Leave every picture behind and copy the rest of the entries below exactly.

==================================================

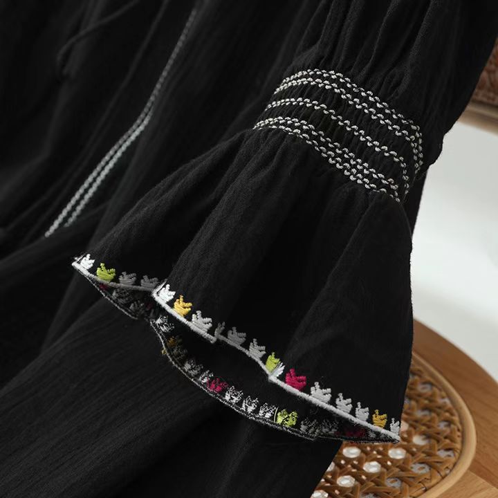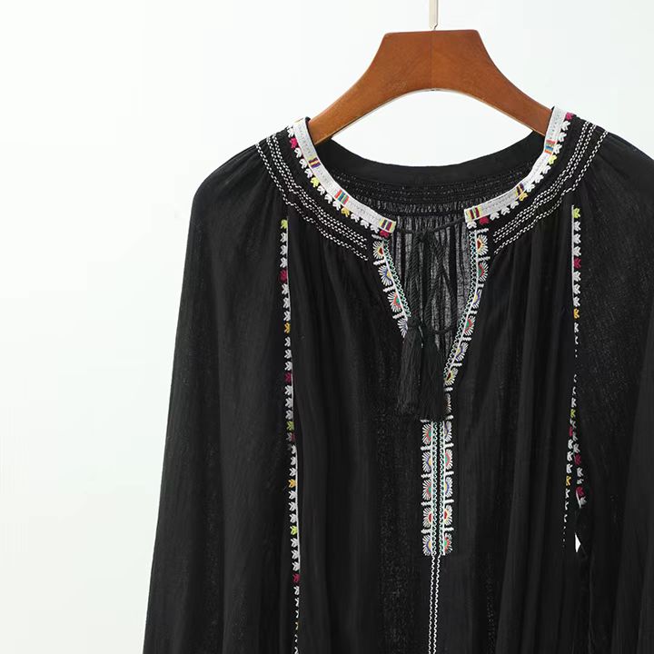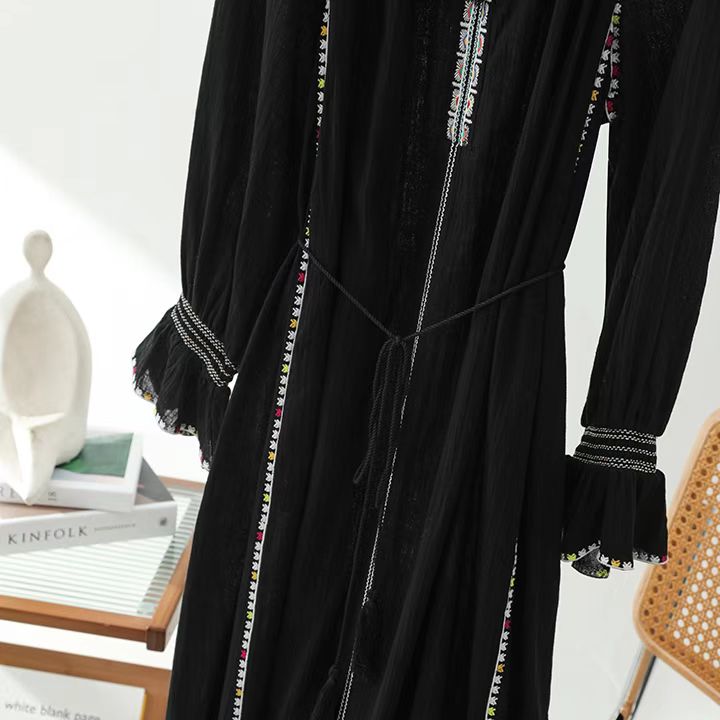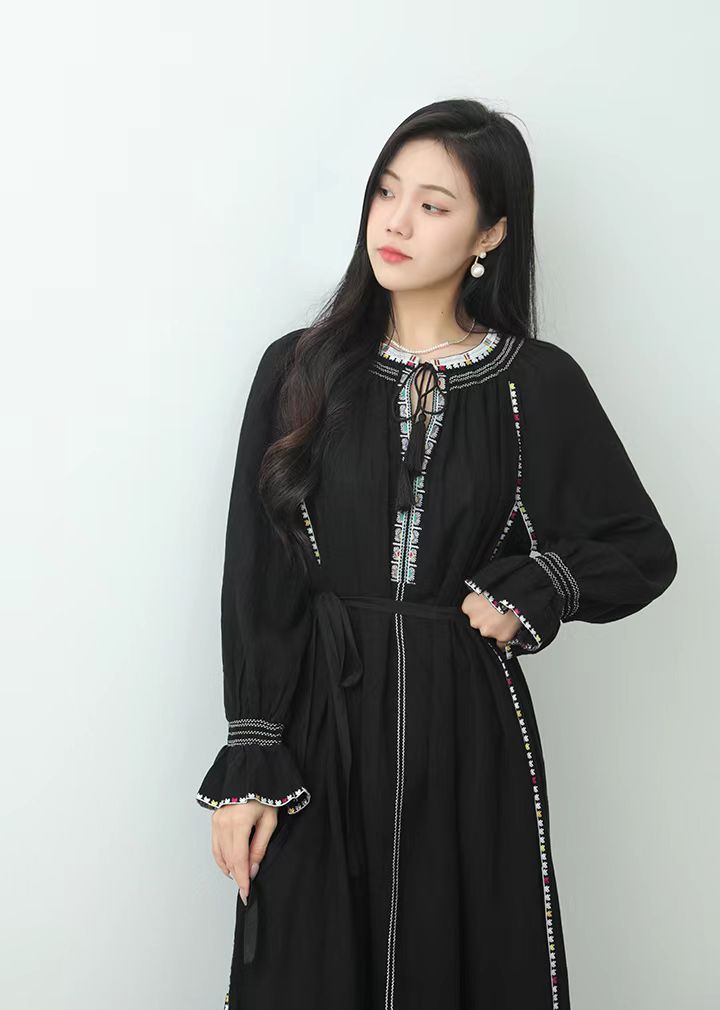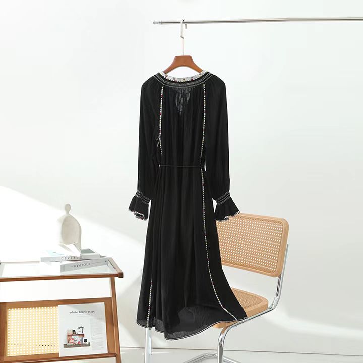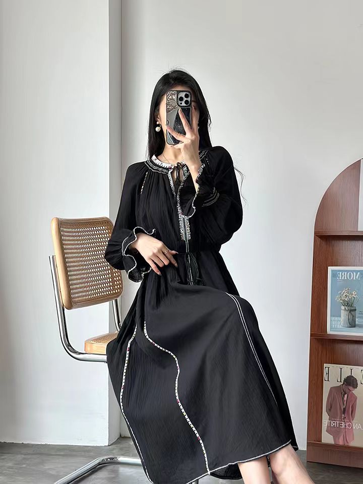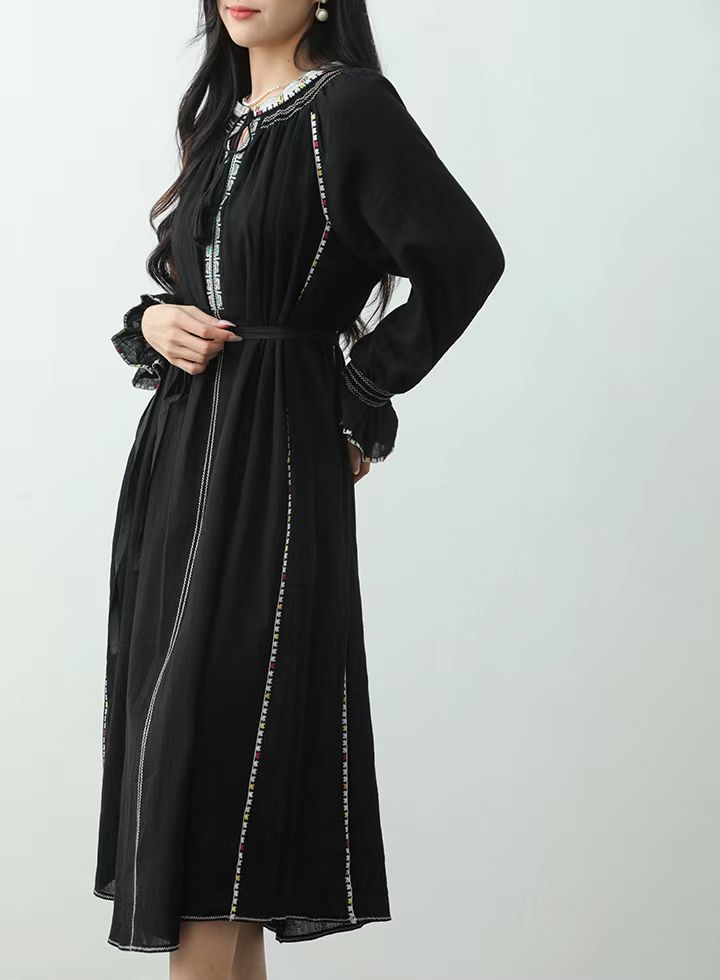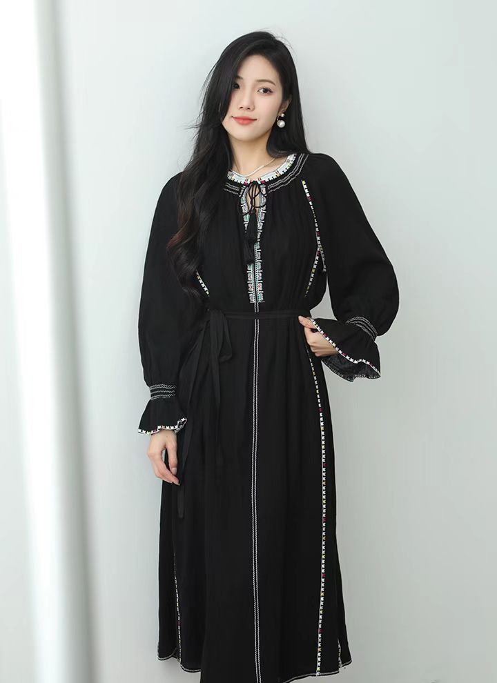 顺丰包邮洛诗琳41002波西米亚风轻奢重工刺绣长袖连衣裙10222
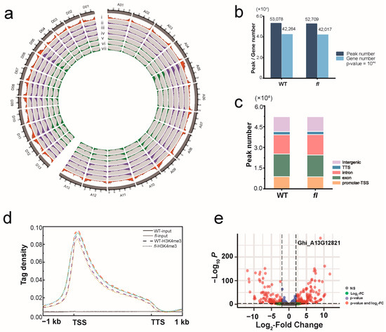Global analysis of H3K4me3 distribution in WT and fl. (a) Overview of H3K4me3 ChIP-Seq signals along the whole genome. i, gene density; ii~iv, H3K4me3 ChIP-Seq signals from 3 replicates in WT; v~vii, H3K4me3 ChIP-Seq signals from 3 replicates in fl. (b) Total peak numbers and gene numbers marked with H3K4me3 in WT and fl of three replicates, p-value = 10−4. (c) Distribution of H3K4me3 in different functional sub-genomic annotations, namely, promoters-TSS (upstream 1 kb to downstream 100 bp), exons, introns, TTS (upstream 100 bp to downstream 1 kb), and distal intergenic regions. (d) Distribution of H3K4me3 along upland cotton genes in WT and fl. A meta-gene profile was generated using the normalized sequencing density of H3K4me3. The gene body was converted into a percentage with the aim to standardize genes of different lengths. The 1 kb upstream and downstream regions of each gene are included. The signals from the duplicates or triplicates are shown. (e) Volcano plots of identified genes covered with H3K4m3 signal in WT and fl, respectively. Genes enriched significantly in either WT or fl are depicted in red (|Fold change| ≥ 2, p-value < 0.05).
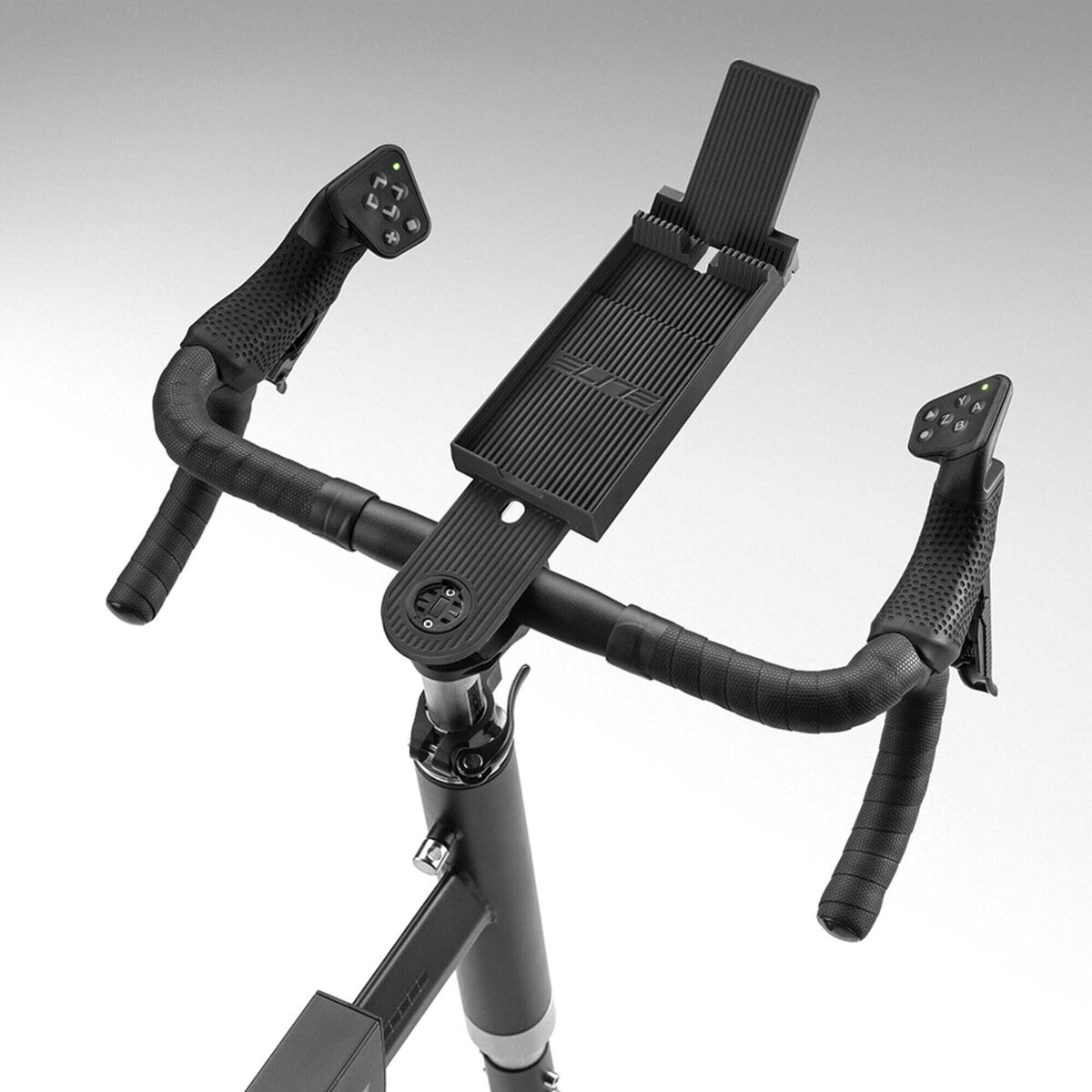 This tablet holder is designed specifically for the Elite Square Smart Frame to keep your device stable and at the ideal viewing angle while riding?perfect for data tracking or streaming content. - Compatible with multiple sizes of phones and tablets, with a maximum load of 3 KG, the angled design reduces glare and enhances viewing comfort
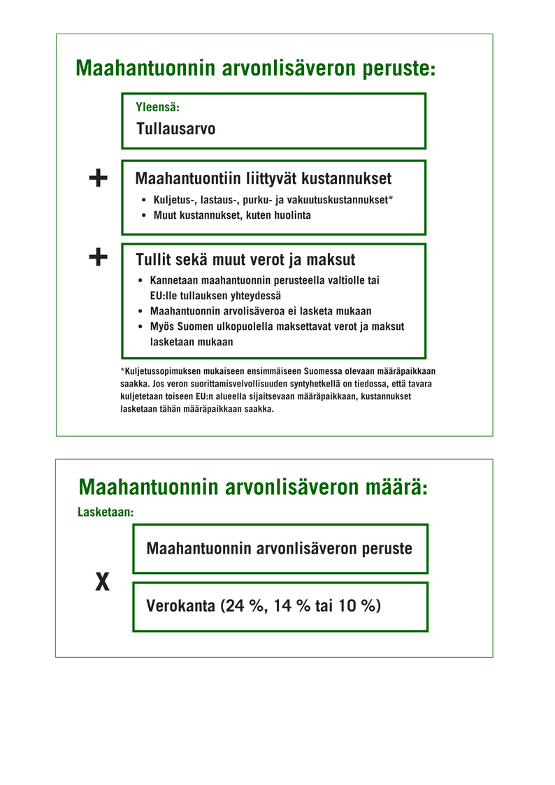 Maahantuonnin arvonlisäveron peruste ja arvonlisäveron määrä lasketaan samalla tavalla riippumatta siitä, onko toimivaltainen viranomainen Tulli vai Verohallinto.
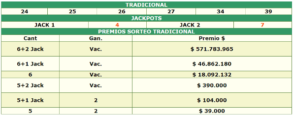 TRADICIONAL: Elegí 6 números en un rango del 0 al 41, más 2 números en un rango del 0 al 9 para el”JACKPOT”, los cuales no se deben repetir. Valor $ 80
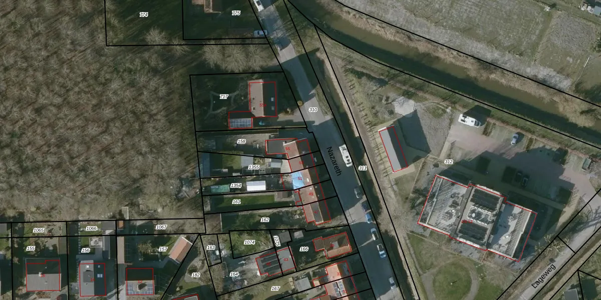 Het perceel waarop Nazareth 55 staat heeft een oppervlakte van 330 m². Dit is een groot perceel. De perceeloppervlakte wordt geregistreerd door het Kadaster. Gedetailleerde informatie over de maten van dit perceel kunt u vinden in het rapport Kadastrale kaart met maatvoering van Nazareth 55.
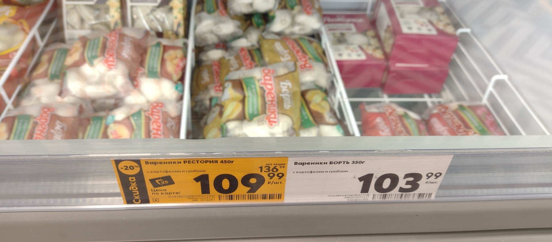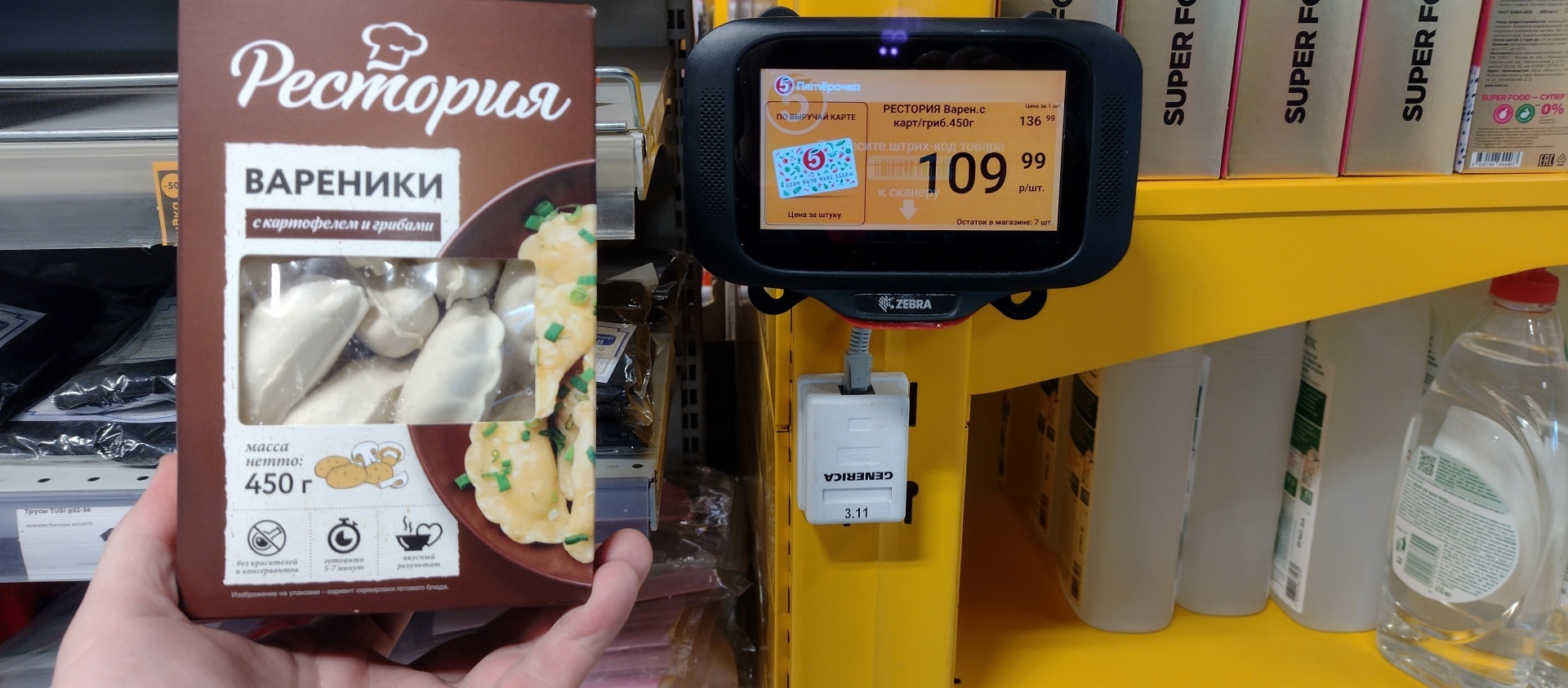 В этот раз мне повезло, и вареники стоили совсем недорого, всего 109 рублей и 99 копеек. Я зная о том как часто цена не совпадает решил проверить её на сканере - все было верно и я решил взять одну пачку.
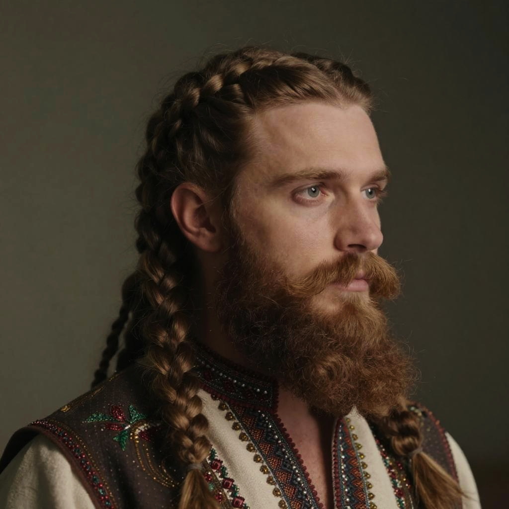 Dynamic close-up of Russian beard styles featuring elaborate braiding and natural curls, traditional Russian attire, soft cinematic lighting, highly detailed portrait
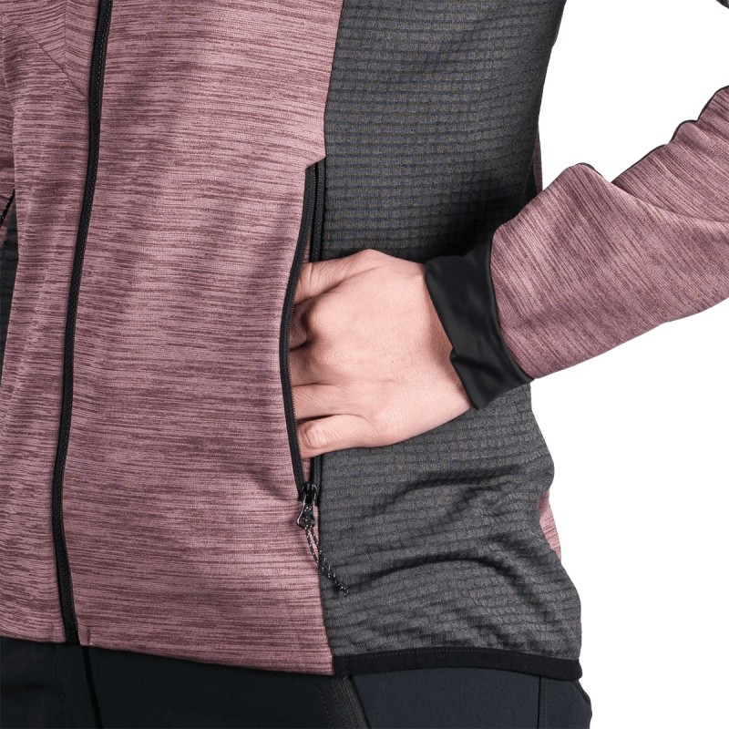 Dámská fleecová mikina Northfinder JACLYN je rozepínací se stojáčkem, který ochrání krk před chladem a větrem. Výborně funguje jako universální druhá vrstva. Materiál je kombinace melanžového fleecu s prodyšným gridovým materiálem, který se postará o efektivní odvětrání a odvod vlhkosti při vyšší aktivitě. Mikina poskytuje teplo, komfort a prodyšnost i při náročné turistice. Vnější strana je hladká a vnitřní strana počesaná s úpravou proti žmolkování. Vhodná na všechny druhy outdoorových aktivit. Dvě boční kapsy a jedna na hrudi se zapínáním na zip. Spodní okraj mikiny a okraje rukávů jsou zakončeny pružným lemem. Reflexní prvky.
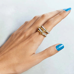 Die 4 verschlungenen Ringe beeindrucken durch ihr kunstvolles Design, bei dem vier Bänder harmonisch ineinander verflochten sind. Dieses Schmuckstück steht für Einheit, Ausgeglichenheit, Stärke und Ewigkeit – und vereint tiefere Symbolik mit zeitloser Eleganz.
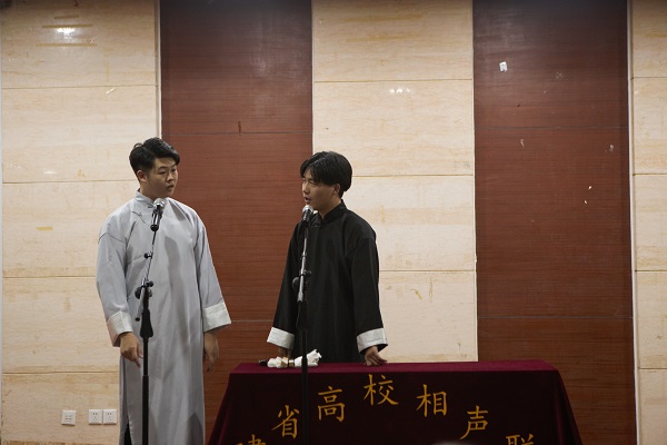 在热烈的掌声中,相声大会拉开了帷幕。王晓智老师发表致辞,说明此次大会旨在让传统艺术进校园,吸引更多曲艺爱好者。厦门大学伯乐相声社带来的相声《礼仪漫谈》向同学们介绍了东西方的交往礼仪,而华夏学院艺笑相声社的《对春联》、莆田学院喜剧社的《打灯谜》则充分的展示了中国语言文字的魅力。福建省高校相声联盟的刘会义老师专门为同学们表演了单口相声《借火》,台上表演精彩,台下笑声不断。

==================================================

(Solution for this exercise):
 顺丰包邮洛诗琳41002波西米亚风轻奢重工刺绣长袖连衣裙10222
Global analysis of H3K4me3 distribution in WT and fl. (a) Overview of H3K4me3 ChIP-Seq signals along the whole genome. i, gene density; ii~iv, H3K4me3 ChIP-Seq signals from 3 replicates in WT; v~vii, H3K4me3 ChIP-Seq signals from 3 replicates in fl. (b) Total peak numbers and gene numbers marked with H3K4me3 in WT and fl of three replicates, p-value = 10−4. (c) Distribution of H3K4me3 in different functional sub-genomic annotations, namely, promoters-TSS (upstream 1 kb to downstream 100 bp), exons, introns, TTS (upstream 100 bp to downstream 1 kb), and distal intergenic regions. (d) Distribution of H3K4me3 along upland cotton genes in WT and fl. A meta-gene profile was generated using the normalized sequencing density of H3K4me3. The gene body was converted into a percentage with the aim to standardize genes of different lengths. The 1 kb upstream and downstream regions of each gene are included. The signals from the duplicates or triplicates are shown. (e) Volcano plots of identified genes covered with H3K4m3 signal in WT and fl, respectively. Genes enriched significantly in either WT or fl are depicted in red (|Fold change| ≥ 2, p-value < 0.05).
 This tablet holder is designed specifically for the Elite Square Smart Frame to keep your device stable and at the ideal viewing angle while riding?perfect for data tracking or streaming content. - Compatible with multiple sizes of phones and tablets, with a maximum load of 3 KG, the angled design reduces glare and enhances viewing comfort
 Maahantuonnin arvonlisäveron peruste ja arvonlisäveron määrä lasketaan samalla tavalla riippumatta siitä, onko toimivaltainen viranomainen Tulli vai Verohallinto.
 TRADICIONAL: Elegí 6 números en un rango del 0 al 41, más 2 números en un rango del 0 al 9 para el”JACKPOT”, los cuales no se deben repetir. Valor $ 80
 Het perceel waarop Nazareth 55 staat heeft een oppervlakte van 330 m². Dit is een groot perceel. De perceeloppervlakte wordt geregistreerd door het Kadaster. Gedetailleerde informatie over de maten van dit perceel kunt u vinden in het rapport Kadastrale kaart met maatvoering van Nazareth 55.
 В этот раз мне повезло, и вареники стоили совсем недорого, всего 109 рублей и 99 копеек. Я зная о том как часто цена не совпадает решил проверить её на сканере - все было верно и я решил взять одну пачку.
 Dynamic close-up of Russian beard styles featuring elaborate braiding and natural curls, traditional Russian attire, soft cinematic lighting, highly detailed portrait
 Dámská fleecová mikina Northfinder JACLYN je rozepínací se stojáčkem, který ochrání krk před chladem a větrem. Výborně funguje jako universální druhá vrstva. Materiál je kombinace melanžového fleecu s prodyšným gridovým materiálem, který se postará o efektivní odvětrání a odvod vlhkosti při vyšší aktivitě. Mikina poskytuje teplo, komfort a prodyšnost i při náročné turistice. Vnější strana je hladká a vnitřní strana počesaná s úpravou proti žmolkování. Vhodná na všechny druhy outdoorových aktivit. Dvě boční kapsy a jedna na hrudi se zapínáním na zip. Spodní okraj mikiny a okraje rukávů jsou zakončeny pružným lemem. Reflexní prvky.
 Die 4 verschlungenen Ringe beeindrucken durch ihr kunstvolles Design, bei dem vier Bänder harmonisch ineinander verflochten sind. Dieses Schmuckstück steht für Einheit, Ausgeglichenheit, Stärke und Ewigkeit – und vereint tiefere Symbolik mit zeitloser Eleganz.
 在热烈的掌声中,相声大会拉开了帷幕。王晓智老师发表致辞,说明此次大会旨在让传统艺术进校园,吸引更多曲艺爱好者。厦门大学伯乐相声社带来的相声《礼仪漫谈》向同学们介绍了东西方的交往礼仪,而华夏学院艺笑相声社的《对春联》、莆田学院喜剧社的《打灯谜》则充分的展示了中国语言文字的魅力。福建省高校相声联盟的刘会义老师专门为同学们表演了单口相声《借火》,台上表演精彩,台下笑声不断。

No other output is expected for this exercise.